Banki nie rezygnują z kredytów walutowych. Będą dostępne tylko dla wybranych

Banki wcale nie rezygnują z kredytów walutowych na dom lub mieszkanie. Zmiany, które weszły w życie 1 lipca spowodowały tylko, że statystyczny Kowalski nie będzie mógł ich zaciągnąć. Atrakcyjne, bo symbolicznie oprocentowane pożyczki w euro i frankach, będą udzielane tylko wybranym klientom.

Banki nie rezygnują z kredytów walutowych. Będą dostępne tylko dla wybranych
Źródło zdjęć: © Thinkstockphotos

05.07.2014 | aktual.: 05.07.2014 09:33

Analityk Expandera Jarosław Sadowski przypomniał, że w pierwszym kwartale br. łączna wartość wszystkich kredytów walutowych nie przekroczyła ledwie 0,5 proc. całego portfela kredytów. Dla porównania, w czwartym kwartale 2013 roku było to 0,93 proc. W najlepszym trzecim kwartale 2008 r. (w tym roku banki udzieliły wyjątkowo dużo kredytów we frankach szwajcarskich) było to aż 79,9 proc. wszystkich kredytów.

W tym roku nielicznie kredyty walutowe trafiły tylko do bardzo zamożnych Polaków. Działo się tak, gdyż banki dawały je osobom, których miesięczny dochód był pokaźny, wynosił nawet 12-15 tys. zł netto. To znacznie więcej, niż wymagały w latach poprzednich. Analityk powiedział PAP, że średnia wartość tych kredytów była wysoka - ok. 500 tys. zł, podczas gdy średni kredyt złotowy na mieszkanie to 200 tys. zł.

Spadek liczby kredytów walutowych w Polsce to efekt Rekomendacji S Komisji Nadzoru Finansowego ws. kredytów hipotecznych, która weszła w życie w styczniu 2014 r., by ograniczyć ryzyko walutowe. Wzrosło ono znacznie po krachu finansowym w USA we wrześniu 2008 roku.

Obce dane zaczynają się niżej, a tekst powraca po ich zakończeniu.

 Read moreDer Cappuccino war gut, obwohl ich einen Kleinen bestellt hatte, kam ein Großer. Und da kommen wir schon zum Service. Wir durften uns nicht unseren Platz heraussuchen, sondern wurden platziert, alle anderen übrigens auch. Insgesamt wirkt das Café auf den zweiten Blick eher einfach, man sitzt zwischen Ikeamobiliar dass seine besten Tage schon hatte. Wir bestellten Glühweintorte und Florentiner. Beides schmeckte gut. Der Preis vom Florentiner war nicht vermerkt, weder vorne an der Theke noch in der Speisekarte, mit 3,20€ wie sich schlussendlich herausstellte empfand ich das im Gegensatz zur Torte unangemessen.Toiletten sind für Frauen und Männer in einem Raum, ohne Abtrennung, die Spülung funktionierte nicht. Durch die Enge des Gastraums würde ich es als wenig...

W lipcu tego roku zaczęły obowiązywać ostatnie z zaleceń w Rekomendacji S. Jak podkreślił Sadowski, od początku lipca banki nie mogą dawać kredytów walutowych osobom, które zarabiają w złotych. Natomiast kredytu w naszej walucie nie dostaną osoby czy rodziny, które większość dochodów otrzymują np. w euro czy dolarach. Analityk wyjaśnił, że takie problemy mogą dotyczyć m.in. marynarzy, informatyków, pracujących dla firm zagranicznych, ale żyjących w Polsce, czy Polaków zamieszkałych na terenach przygranicznych, ale zatrudnionych poza granicami kraju.

Dodał, że zarabiający w obcej walucie nie będą mieć łatwo, bo ofert kredytowych w euro, w dolarach czy funtach brytyjskich nie jest wiele na rynku. - Około ośmiu banków zamierza na nowych zasadach udzielać kredytów w euro - wyjaśnia.

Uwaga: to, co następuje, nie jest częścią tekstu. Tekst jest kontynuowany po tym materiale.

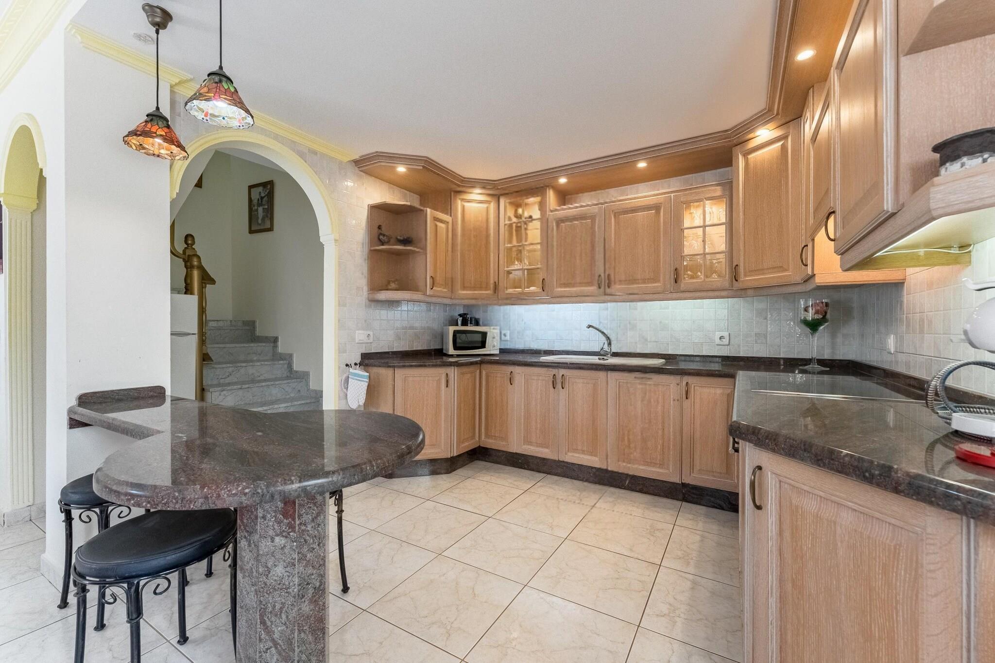 Stueetage: (Indgang (deles med andre gæster, adgang udefra), Stue(Fjernsyn(fladskærm, Internationale TV-kanaler), sofahjørne), Køkken(kogeplade, elkedel, emhætte, kaffemaskine, ovn, mikrobølgeovn, køle-fryseskab), soveværelse(dobbeltseng eller 2 enkeltsenge Senge), soveværelse(dobbeltseng eller 2 enkeltsenge Senge), badeværelse(bruser, håndvask, toilet), klimaanlæg) terrasse(privat), have(privat), parking lot(public), swimmingpool(deles med andre gæster, udendørs, opvarmet, opened from Jan upto and including Dec), strygebræt, strygejern

- Ich oprocentowanie nie jest wysokie, bo stopy procentowe w strefie euro są bliskie zeru - mówi. Zwraca jednak uwagę na dość wysokie marże, które naliczają sobie banki. Wynoszą one od 3 do 5 proc.

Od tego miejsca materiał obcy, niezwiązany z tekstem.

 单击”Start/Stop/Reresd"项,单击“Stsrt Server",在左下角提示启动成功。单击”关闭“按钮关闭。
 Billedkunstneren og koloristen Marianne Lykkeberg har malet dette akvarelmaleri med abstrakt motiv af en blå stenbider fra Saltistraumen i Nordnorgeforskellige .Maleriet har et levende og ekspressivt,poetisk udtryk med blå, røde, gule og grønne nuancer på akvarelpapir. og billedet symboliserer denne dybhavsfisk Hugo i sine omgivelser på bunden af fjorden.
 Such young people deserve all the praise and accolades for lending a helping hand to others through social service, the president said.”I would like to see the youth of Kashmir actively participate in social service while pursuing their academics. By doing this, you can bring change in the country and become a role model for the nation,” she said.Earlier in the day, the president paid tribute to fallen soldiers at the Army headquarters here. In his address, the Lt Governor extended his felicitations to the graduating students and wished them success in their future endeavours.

Jego zdaniem dla Polaków, którzy zarabiają we frankach szwajcarskich, uzyskanie kredytu w Polsce stanie się niemożliwe.

Analityk Expandera pytany, co zmiany w tzw. Rekomendacji S oznaczają dla banków, odparł, że dla wielu nic, bo nie miały w ofertach kredytów walutowych, a te, które ich udzielały, teraz będą sprzedawały ich mniej.

- Polacy zarabiający za granicą, będą mogli ubiegać się tam o kredyt. Jednak zagraniczny bank raczej nie będzie chciał kredytować mieszkania w Polsce. Zwykle banki chcą się zabezpieczyć na nieruchomości w tym kraju, w którym działają - dodał.

Analityk Open Finance Halina Kochalska powiedziała PAP, że od lipca banki nie rezygnują z walutowej oferty, ale też jej nie wzbogacają. - Banki poprzestały na dostosowaniu się do zaleceń Komisji Nadzoru Finansowego. Jeśli nie mają w ofercie kredytów w walucie, w jakiej zarabia zainteresowany odeślą go z kwitkiem - zaznaczyła.

Kochalska poinformowała, że osoby uzyskujące dochody w euro mogą pożyczać unijny pieniądz w kilku bankach w: Aliorze, BOŚ, BZ WBK, Deutsche Banku, Getin Noble Banku, mBanku, Pekao i Raiffeisenie. Natomiast kredyt dolarowy można dostać w mBanku, BOŚ oraz Pekao. Dla emigracji na Wyspach ofertę w funtach brytyjskich ma mBank.

Sadowski, analityk Expandera przewiduje, że najwięcej kredytów walutowych będą udzielały trzy banki: Deutsche Bank, BZ WBK i Pekao.

Od lipca zmieniają się także na bardziej restrykcyjne rekomendacje dla samych banków. Eksperci zwracają uwagę, że muszą one prowadzić tzw. testy warunków skrajnych, czyli sprawdzać, czy kredytobiorca będzie w stanie wywiązać się z warunków umowy kredytu, jeśli znacząco wzrosną stopy procentowe NBP lub zmieni się kurs walutowy. Co roku banki będą musiały też oceniać wartość zabezpieczenia hipotecznego, by nie przekraczała wartości nieruchomości.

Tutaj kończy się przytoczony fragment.